# 2000 f150 7700 front end adequate for plowing?



## peterng (Apr 13, 2006)

Although this is considered a heavier capacity truck than the f150, and it has some items that make it at least minimally suitable for plowing ...

is the front end less capable than the f250, is it the same as in the regular f150?
Thanks,
Pete


----------



## Pinky Demon (Jan 6, 2010)

What is your front GAWR?


----------



## CornerStoneProp (Nov 22, 2009)

The 7700 Payload (Group A) upgrades the GVWR to 7,700 pounds and provides a front Gross Axle Weight Rating (GAWR) on all 4x4 models of 4,150 pounds to accommodate a snowplow (7700 package and snowplow are not available on SuperCrew).


----------



## peterng (Apr 13, 2006)

I am well versed with what is beefed up in the 7700. What I was wondering about was the front end etc. of the f150, which would be same in the 7700. Are they well known for being robust, or not.

Just curious about the reputation of this truck for ruggedness and longevity. I've also got a 1989 Toyota pickup which has been thrown, slammed, loaded, overheated and come out tighter than it went in. I've never gotten an alignment in 8 years I've had the truck. It sits with 360,000 miles and purrs. Routine maintenance only.

I got this 7700 cause I needed a bigger truck and I wonder what sorts of routine problems I'll be dealing with. 
Thanks,
Pete


----------



## xll_VIPER_llx (Sep 29, 2009)

_*I have a 2000 f-150 4x4 1/2 ton sport flareside and it plows with no problems at all to the front end or driveline, Of course i also dont beat the snot out of it and dont shift untill at a complete stop. If your asking if your truck can take the plow........ well yes it can!wesport*_


----------



## peterng (Apr 13, 2006)

Thanks Viper! great response


----------



## xll_VIPER_llx (Sep 29, 2009)

*Your very welcome!payup*


----------



## FisherVMan (Jan 5, 2010)

Your truck is more than capable of handling a plow.

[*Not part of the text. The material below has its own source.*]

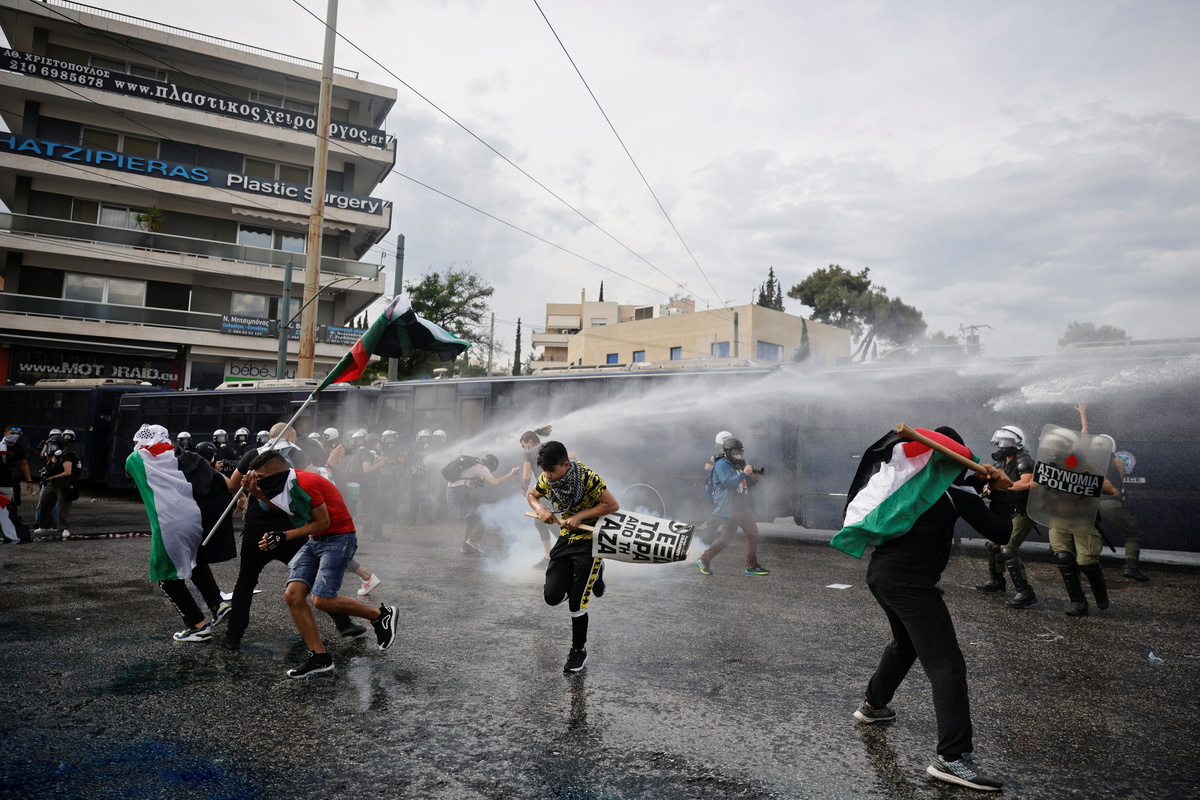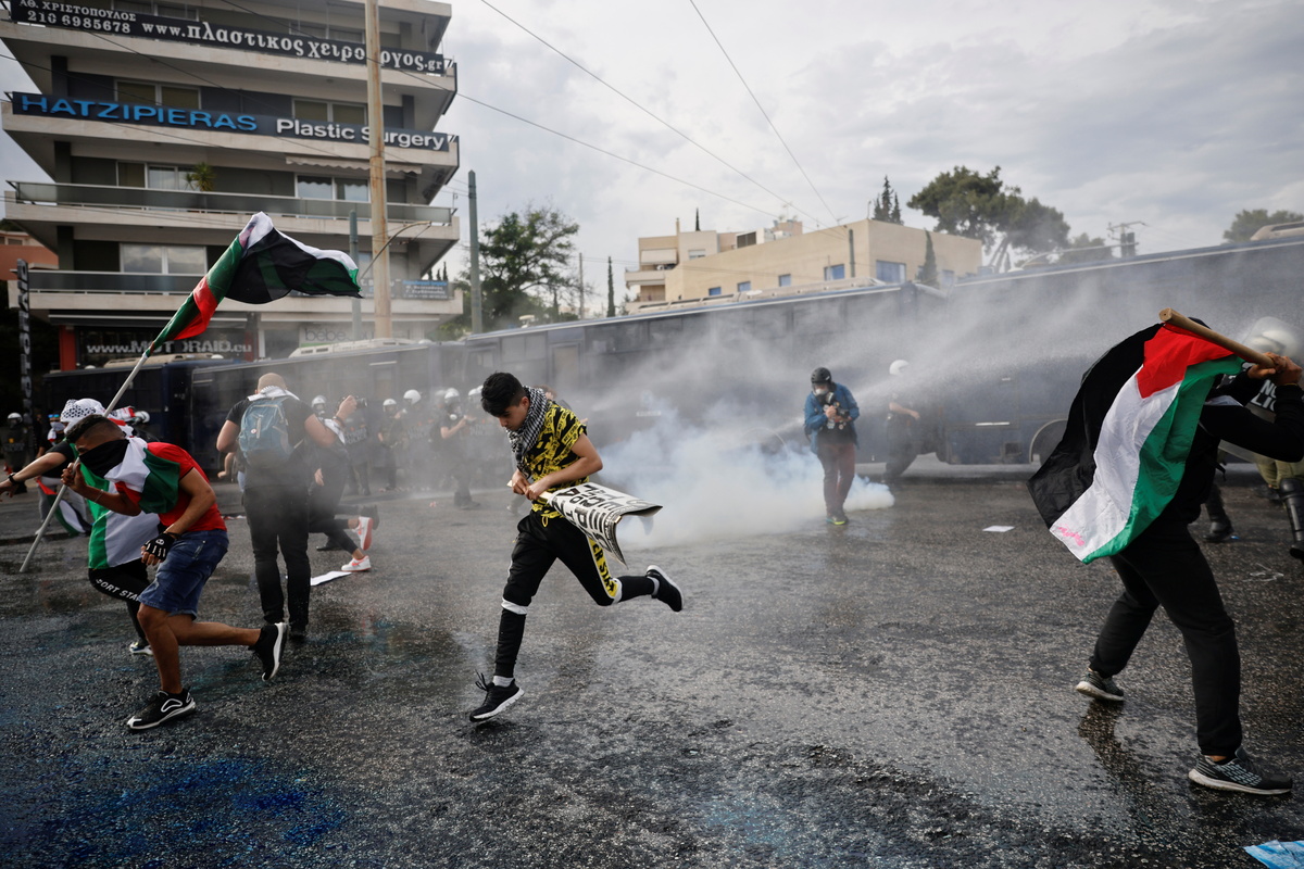 Greek police fired tear gas and water cannon on Saturday to disperse pro-Palestinian demonstrators protesting in Athens against Israeli attacks on Gaza.

I am going to assume your truck has the 7 lug wheels ?? It is not common knowledge to most of the so called experts but these "heavy duty half tons" are really an truck all of their own with bigger springs and shocks . Bigger differentals and axles and bearings and even the wheels . Probably the best $900 a guy could ever spend on a half ton truck and in 2011 I am told they are just calling it an 8200 GVW pckg and it includes the tralier tow package so its really now only about $600 for everything beefed up to get you right in between a standard 7200 GVW truck and a standard F250............ Dealers are telling us they hate to order them anymore as the avg customer is just price shopping and cant see any of the things that the HD package really has so they walk off the lot thinking the dealer is a grand more expensive than the last truck he just looked at.................... reality of it is that most folks DONT need the HD truck .


----------



## elite1msmith (Sep 10, 2007)

i heard that body style of f 150 had lots of frame flex? cant say i have first hand knowelege, but if thats the case, you may want to , as stated above , not beat the snot out of it


----------



## xll_VIPER_llx (Sep 29, 2009)

_*Well all i can say is i have not had any frame flexing problems, from taking the truck offroading, plowing, plowing with a crap load of salt in the bed, towing other cars and trucks, or hauling my 28 foot camper the truck has always stayed straight as a arrow and has never let me down. When i said about not beating the snot out of the truck, it was as in what i have seen guys do before, plowing to fast, ramming snow banks while plowing, rolling shifts, etc, Any truck will be as good as you treat it, it can last forever if you take care of it properly. Now lets bring on the snow!!!payuppayuppayup*_


----------



## peterng (Apr 13, 2006)

FisherVMan;1117735 said:


> Your truck is more than capable of handling a plow. I am going to assume your truck has the 7 lug wheels ?? It is not common knowledge to most of the so called experts but these "heavy duty half tons" are really an truck all of their own with bigger springs and shocks . Bigger differentals and axles and bearings and even the wheels . Probably the best $900 a guy could ever spend on a half ton truck and in 2011 I am told they are just calling it an 8200 GVW pckg and it includes the tralier tow package so its really now only about $600 for everything beefed up to get you right in between a standard 7200 GVW truck and a standard F250............ Dealers are telling us they hate to order them anymore as the avg customer is just price shopping and cant see any of the things that the HD package really has so they walk off the lot thinking the dealer is a grand more expensive than the last truck he just looked at.................... reality of it is that most folks DONT need the HD truck .


So you've got the same thing, but newer, with a vplow on it? That's a beast isn't it ??
Pete


----------



## MSS Mow (Mar 19, 2006)

peterng;1109781 said:


> Although this is considered a heavier capacity truck than the f150, and it has some items that make it at least minimally suitable for plowing ...
> 
> is the front end less capable than the f250, is it the same as in the regular f150?
> Thanks,
> Pete


I used to own a 2002 F150 7700lb truck and it was a great truck. I ran a 7 1/2 boss V plow on it and had zero trouble with it. It held the plow very well. The front end is much heavier than the standard f150. You've got a great truck for plowing.


----------